• **Work task**
For this exercise, output the entries below exactly from the line that holds "3D Lazy Lion" to the line that holds "- Gatti Antropomorfi: Le", both ends included. No pictures belong in the copy.

◇ ◇ ◇

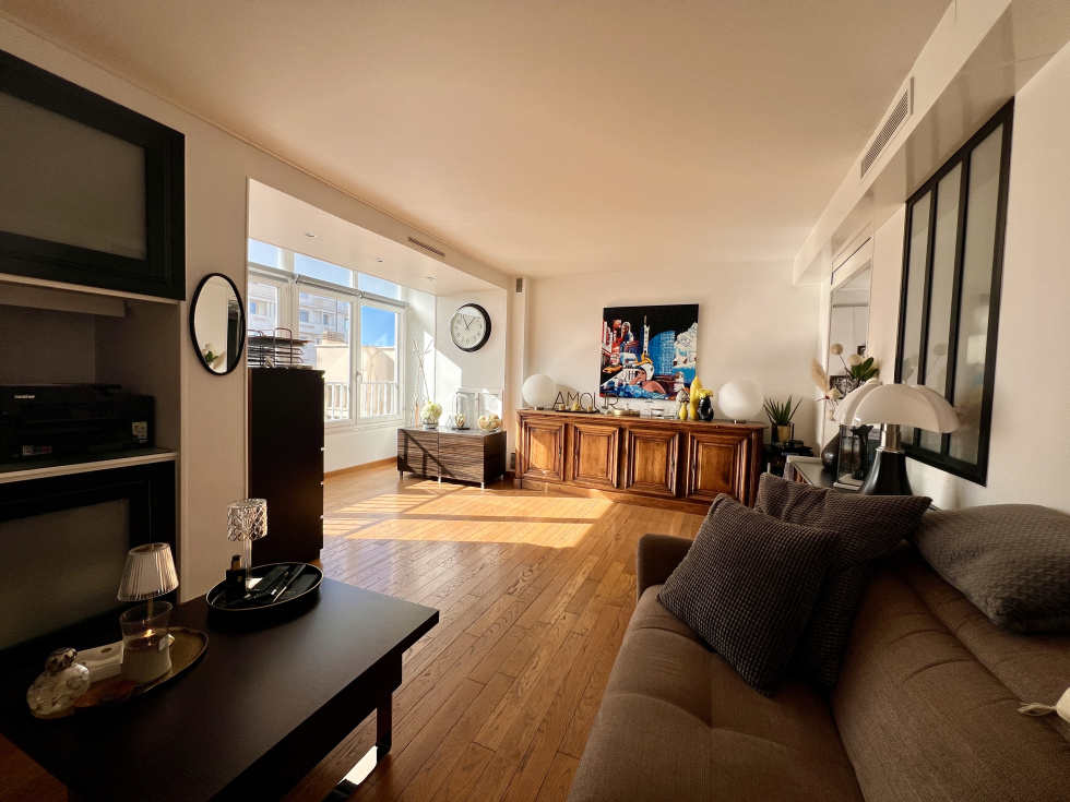 Devant la MER, immediatement sur la PLAGE des Catalans, au 4eme etge (ascenseur) d'une copropriété entretenue, T3 TRAVERSANT avec BALCON, de 75m2 habitables (71,19m2 en loi carrez), en PARFAIT ETAT! Le séjour de 25m2 et son BALCON sont exposés PLEIN SUD, pour un SOLEIL génereux. On peut observer la MER depuis le BALCON, pour décider d'aller nager ou pas, sur la PLAGE ou au Cercle des nageurs, situés au pied de la residence. Une belle cuisine équipée, avec loggia organisée, laisse la place a une table de repas, en gardant une bonne fonctionnalité pour qui aime cuisiner! Les chambres disposent de rangements intégrés qui complètent les nombreux dressings du couloir et entrée. Enfin la salle de bain, récemment aménagée, se distingue d'une buanderie et du wc indépendant. Pour parfaire le CONFORT, ce bien dispose d'une cave et les nouveaux proprietaires pourront reprendre la location d'un BOX, parfaitement situé, en face de l'entrée. De nombreuses PRESTATIONS comme la climatisation reversible, les volets roulants electriques...ont été récemment installées Le quartier en front de MER est apprécié pour son ambiance de vacances, avec la PLAGE, des restaurants, commerces et un accès rapide aux autoroutes et au vieux port accessible à pieds. Ce bien, alliant loisirs et facilités du quotidien (écoles, transports...), est une opportunité pour une residence principale, comme pour un pied à terre au bord de l'eau. Une installation immédiate présente un intérêt supplementaire, sans travaux à prévoir.
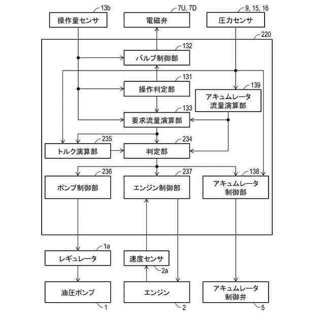 このように、特許文献1に記載の技術では、アキュムレータと油圧ポンプによる油圧アクチュエータへの作動油の供給分担が不連続的に変わる。このため、油圧アクチュエータも不連続的に動作することになり、作業機械のオペレータに違和感を与えてしまったり、油圧シリンダにより駆動される駆動対象部材の位置決めを精度よく行うことができなくなってしまったりするおそれがある。このため、アキュムレータと油圧ポンプによる油圧アクチュエータへの作動油の供給分担が変わるときに、油圧アクチュエータへの作動油の供給流量の連続性を確保可能な技術が要望されている。
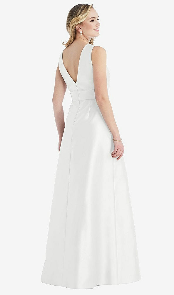 High-Neck Asymmetrical Shirred Satin Maxi Dress with Pockets in White & Mojito
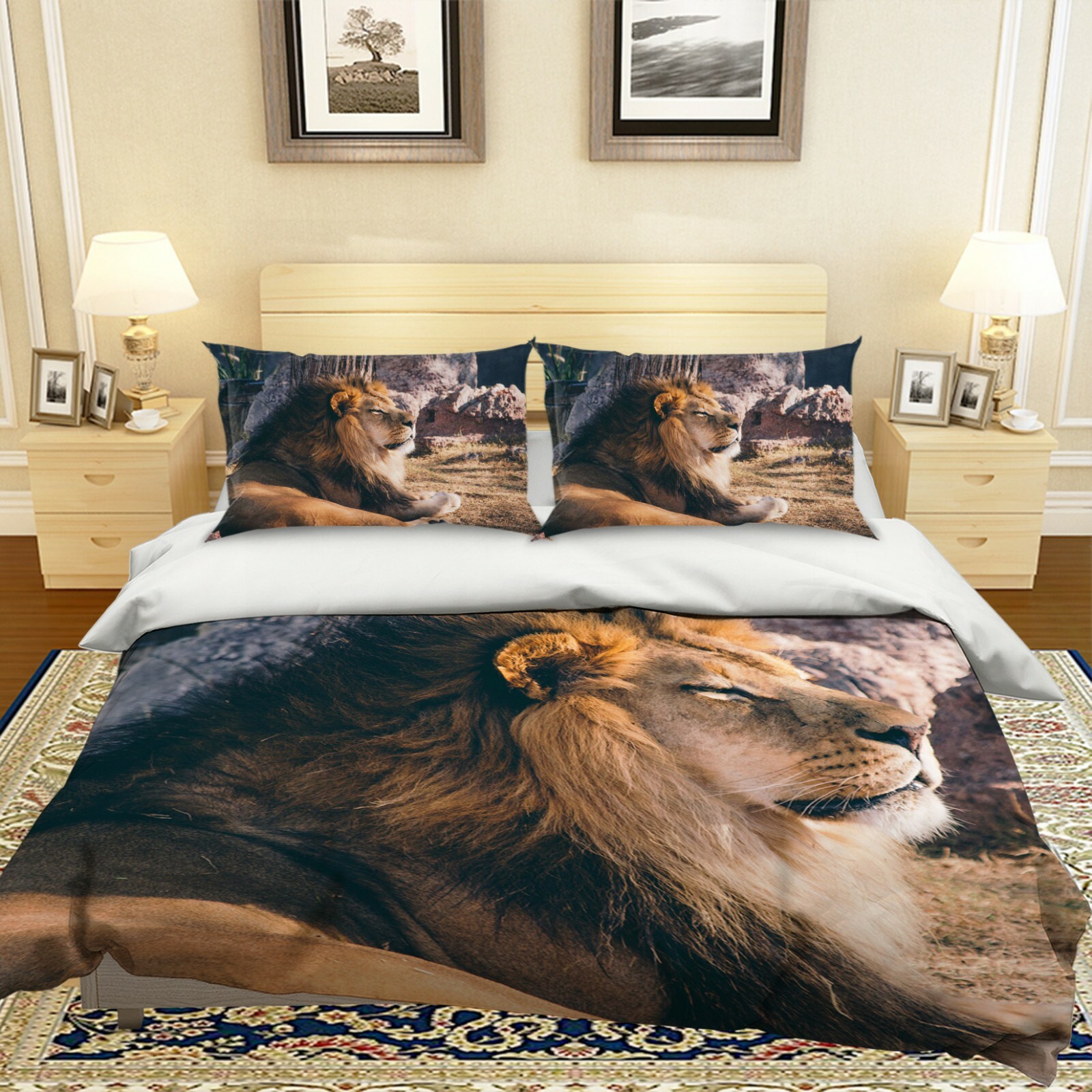 3D Lazy Lion S073 Animal Bed Pillowcases Quilt Duvet Cover Set Queen King Sunday
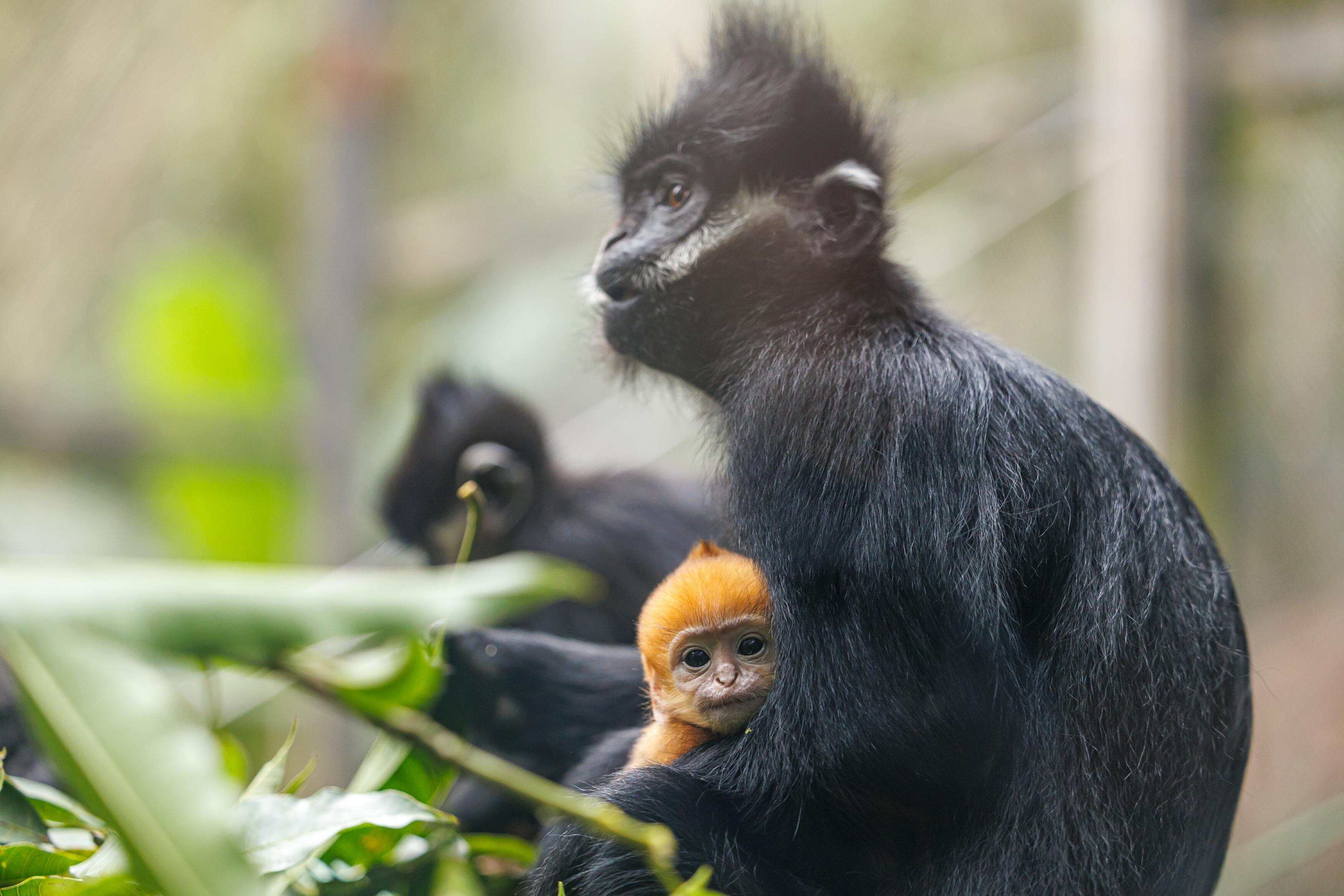 为何母女“肤色”不同?对此,保育员陈香香科普说:“这是黑叶猴成长过程中的正常生理现象。刚出生的黑叶猴幼崽,除个别部位外,全身体毛均为金黄色,大约在6个月后,毛色会逐渐由金黄转为黑色,最终长成和父母一样的成年模样。”
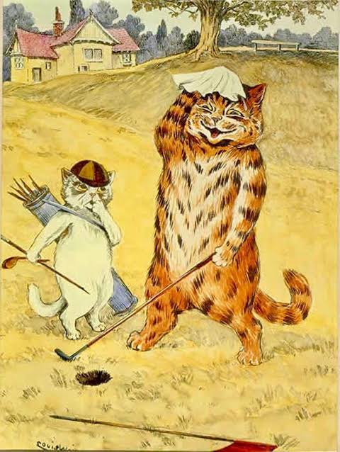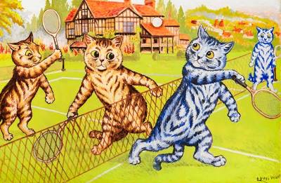 - Gatti Antropomorfi: Le sue opere più famose ritraggono gatti che camminano su due zampe, indossano abiti eleganti e partecipano ad attività umane come giocare a tennis, prendere il tè o suonare strumenti musicali.
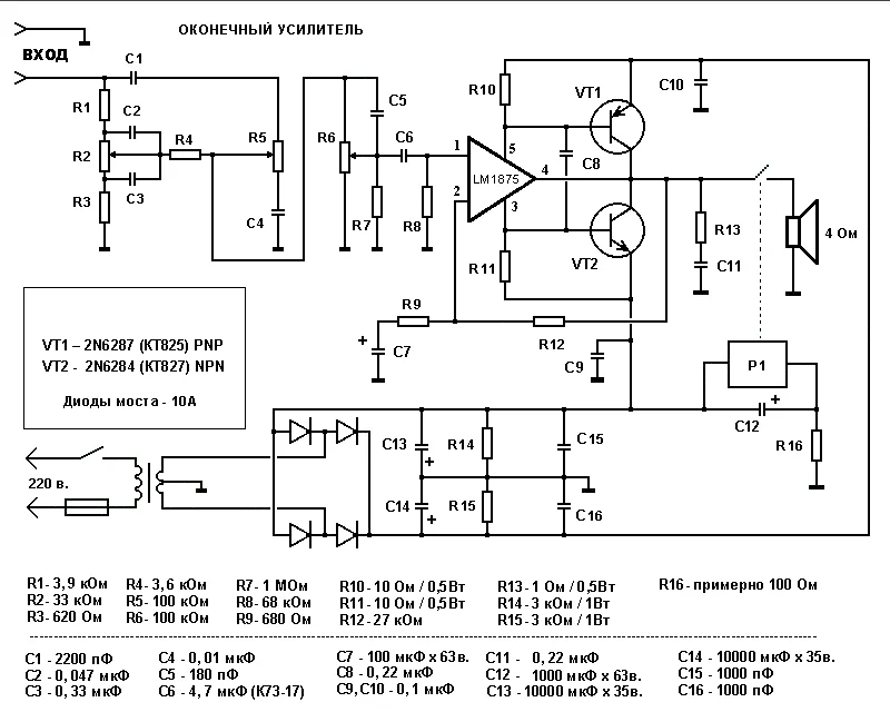 Андрей, у меня вот резисторы стоят в БП,щелчка при включении нет,а при выключении он есть и тока в правом канале...почему так? ИМС TDA2050 схема СКИФа...
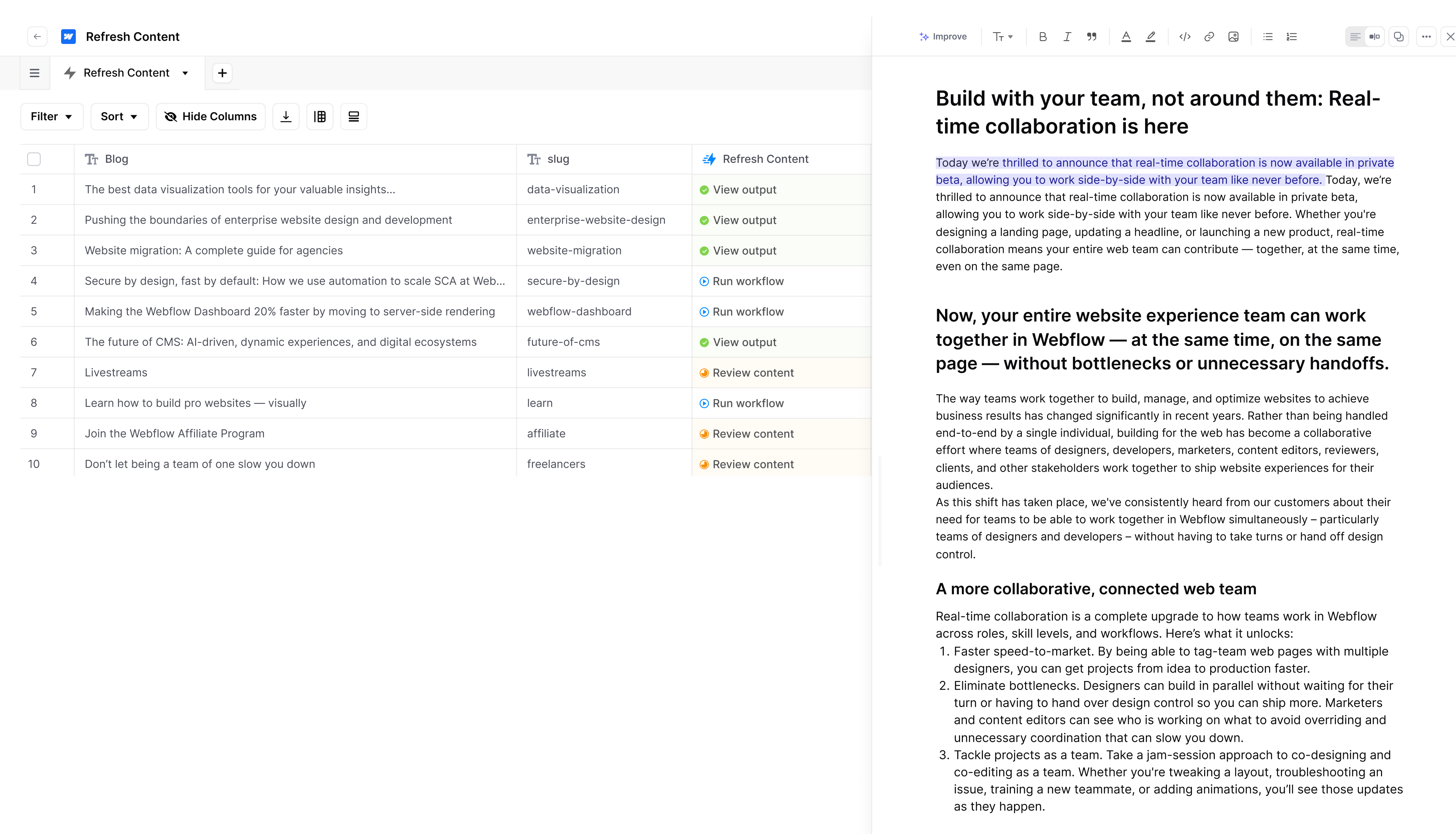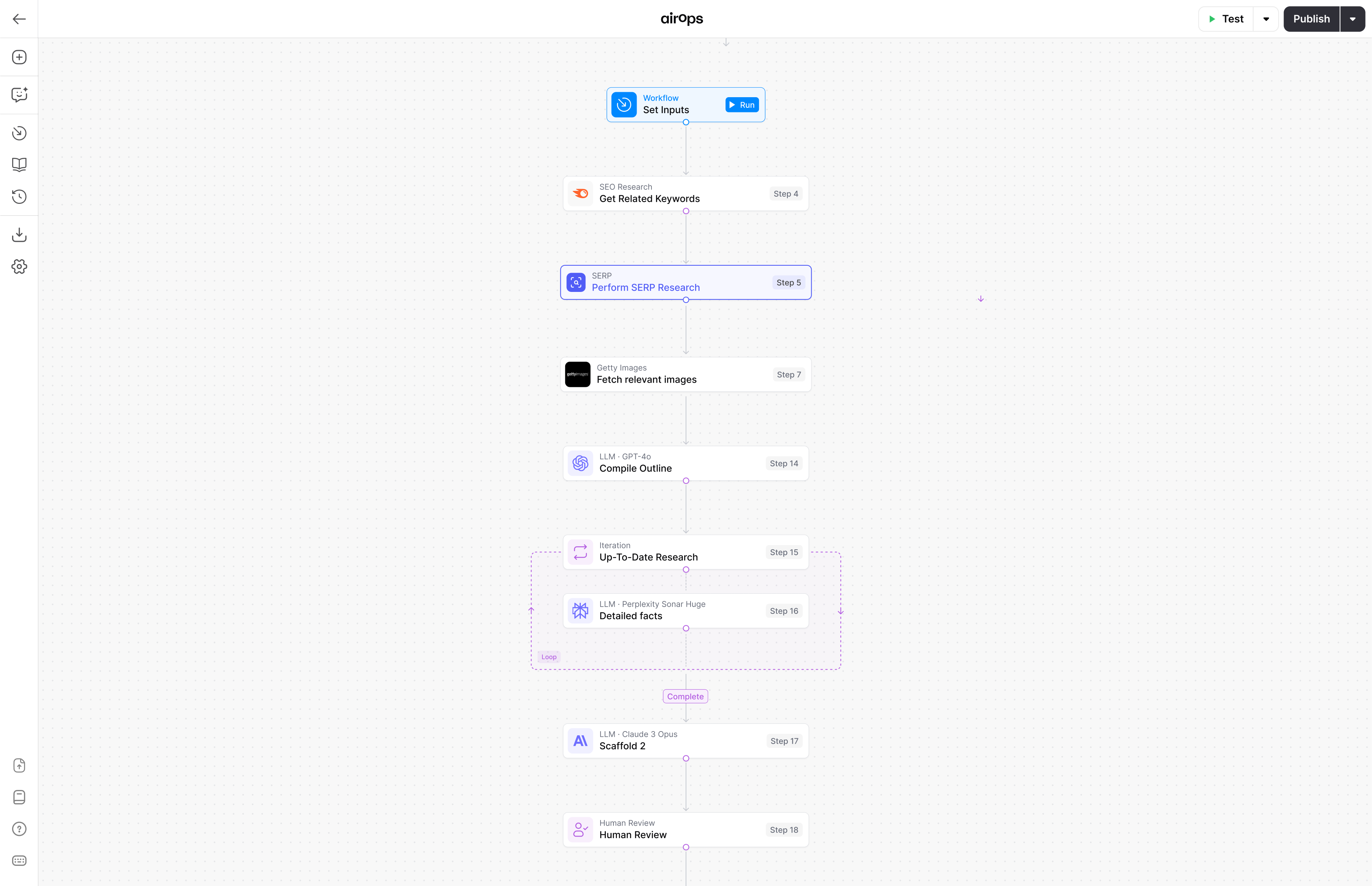 What I like best about AirOps is its ability to turn complex SEO and content workflows into a single, scalable system. The iterator-based workflows make it easy to scrape data, analyse SERPs, extract insights, and generate high-quality content automatically. Everything runs end-to-end in minutes, not hours, while still allowing granular control through logic and conditions. It replaces multiple tools with one flexible platform and delivers faster execution, better consistency, and measurable impact on search performance and LLM visibility. Review collected by and hosted on G2.com.
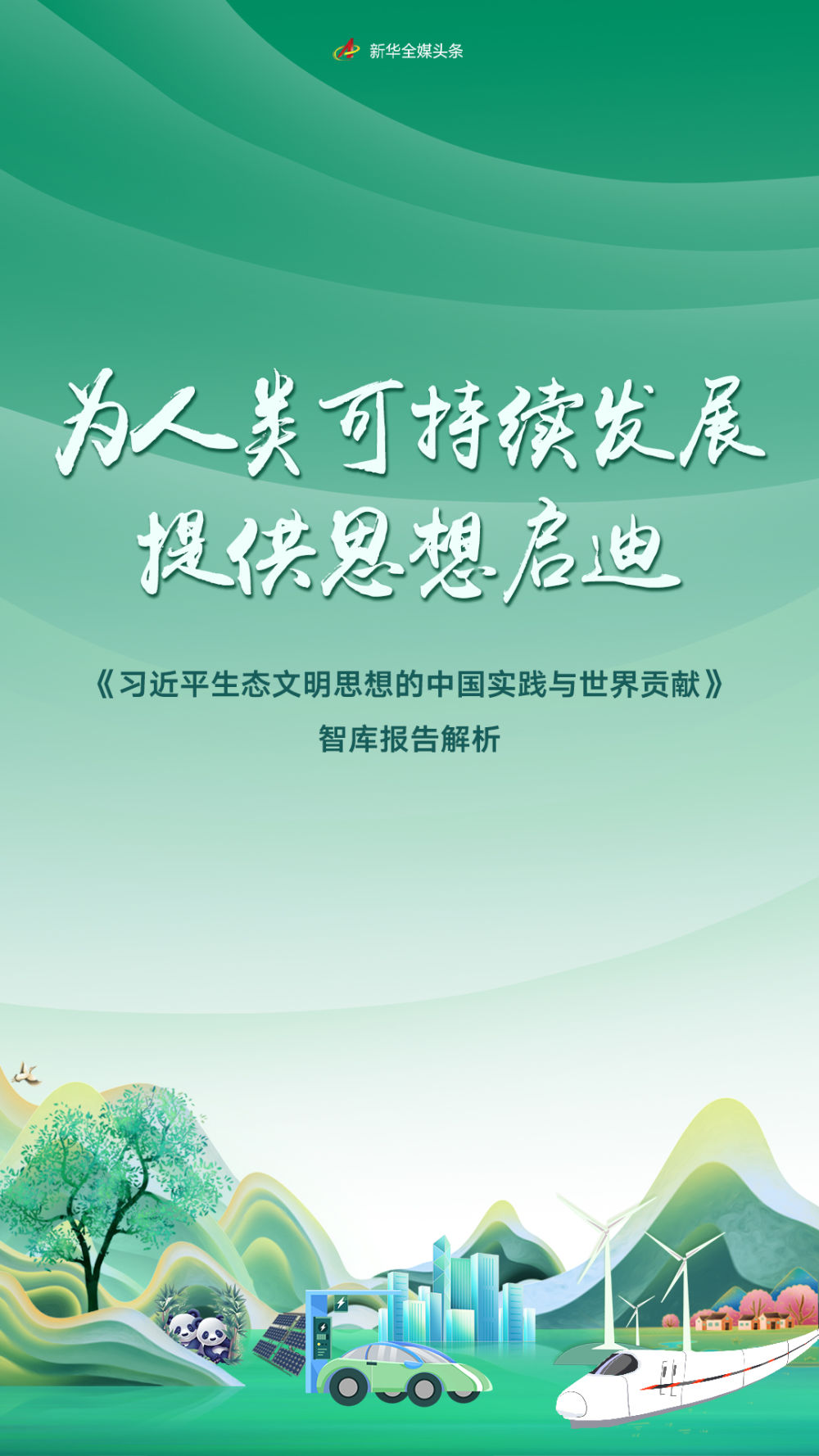 报告还指出,习近平生态文明思想基于历史、立足当下、面向全球、着眼未来,倡议文明互鉴、和谐共生、以人为本、绿色繁荣、系统治理、务实合作,系统阐释和科学谋划了生态文明建设的战略定位、目标任务、总体思路、重大原则,凝结了对发展人类文明、建设美丽中国和清洁美丽世界的睿智思考和深刻洞见。

◇ ◇ ◇

• **Your solution**
 3D Lazy Lion S073 Animal Bed Pillowcases Quilt Duvet Cover Set Queen King Sunday
 为何母女“肤色”不同?对此,保育员陈香香科普说:“这是黑叶猴成长过程中的正常生理现象。刚出生的黑叶猴幼崽,除个别部位外,全身体毛均为金黄色,大约在6个月后,毛色会逐渐由金黄转为黑色,最终长成和父母一样的成年模样。”
 - Gatti Antropomorfi: Le sue opere più famose ritraggono gatti che camminano su due zampe, indossano abiti eleganti e partecipano ad attività umane come giocare a tennis, prendere il tè o suonare strumenti musicali.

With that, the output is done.